You have to crack open your computer's case and install a card. This
is available in an ISA version for standard PCs, or a Micro-Channel
version for IBM PS/2s, or as a PC Card (PCMCIA card) for portables.
As with most such add-in cards for PCs, you may have to fiddle with
technical obscurities such as IRQ and I/O addresses (especially if
you're using the ISA version with Windows: OS/2, Micro-Channel, and
Win95 all help protect the user from this sort of thing).
Once
you've installed
the card and the 16 disks, be prepared to spend a lot of time with
it. It's not particularly complex software to use (despite the 400-page
manual), but you need to train it to recognize your voice, and it
needs to train you to speak in a manner that it understands. It doesn't
recognize a continuous flow of words--normal conversational speech--so
it wouldn't know where one word stops and another starts. Instead,
you need to learn to speak accurately, and with tiny pauses between
each word, sort ... of ... like ... this ... period. (Yes, you do need
to tell it about punctuation, unusual capitalization, and so forth.)
When you
dictate, your
text appears in a window. To get it into the word processor of your
choice, you need to copy into the clipboard and paste into the other
program.
(An add-on
from a local
company, however, promises to make this simpler: Digital Dictate,
from Vancouver's Barr Business Systems, works together with
VoiceType Dictation, allowing users to dictate directly into Microsoft
Word. WordPerfect will soon be supported as well. More information
on this US$295 product is available from Barr Business Systems, 291
East 2nd Avenue, Vancouver V5T 1B8, tel. 872-2277.)
Plan on
taking at least
two hours to work through the training scripts for VoiceType Dictation.

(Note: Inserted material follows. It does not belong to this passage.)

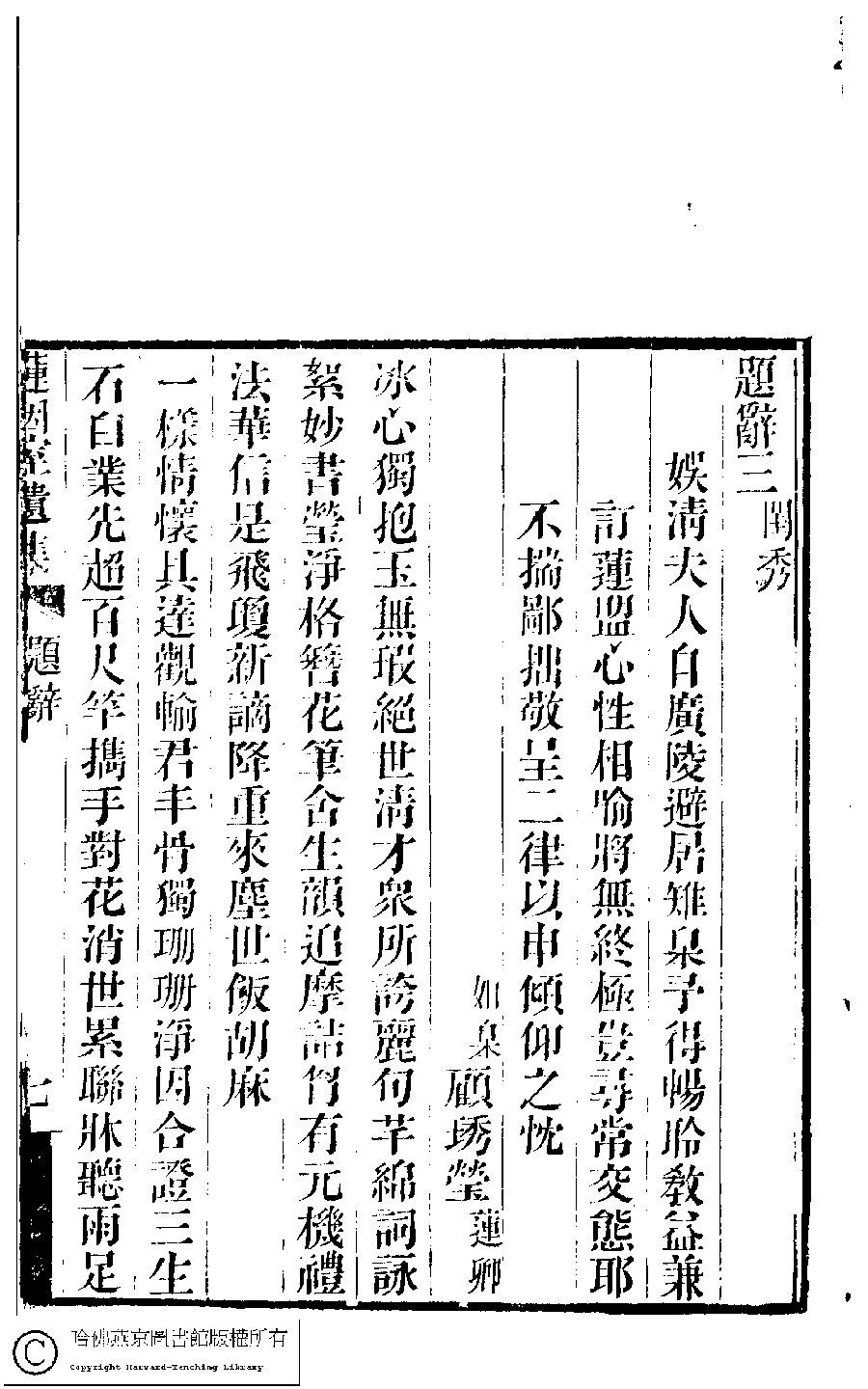 | (PRINT FRIENDLY VERSION) 蓮因室詩集﹕二卷﹐詞集﹕一卷(清鄭蘭孫撰)。清光緒元年(1875)刻本 ![]() Page : 題辭.7b | click for larger image | 蓮因室詩集﹕二卷﹐詞集﹕一卷(清鄭蘭孫撰)。清光緒元年(1875)刻本![]() Page : 題辭.7a | click for larger image | Back |
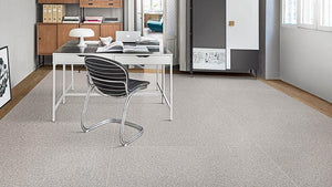 TERRAZZO CHROME offers a dappled terrazzo pattern for floor applications.

After that, the machine needs to be left running on its own for at
least two hours to process the results of the training. Oh, one more
thing: the package--card, software, and microphone--costs about $1,500.
So this is
not a package
to pick up on a whim. But it promises some real benefits for people
in a wide variety of areas, including users who simply can't or won't
type, or people who haven't been able to use computers in situations
where they simply need to be using their hands for something else.
While it demands a lot of computer (and financial) resources, VoiceType
Dictation makes good on its promises to a surprising degree.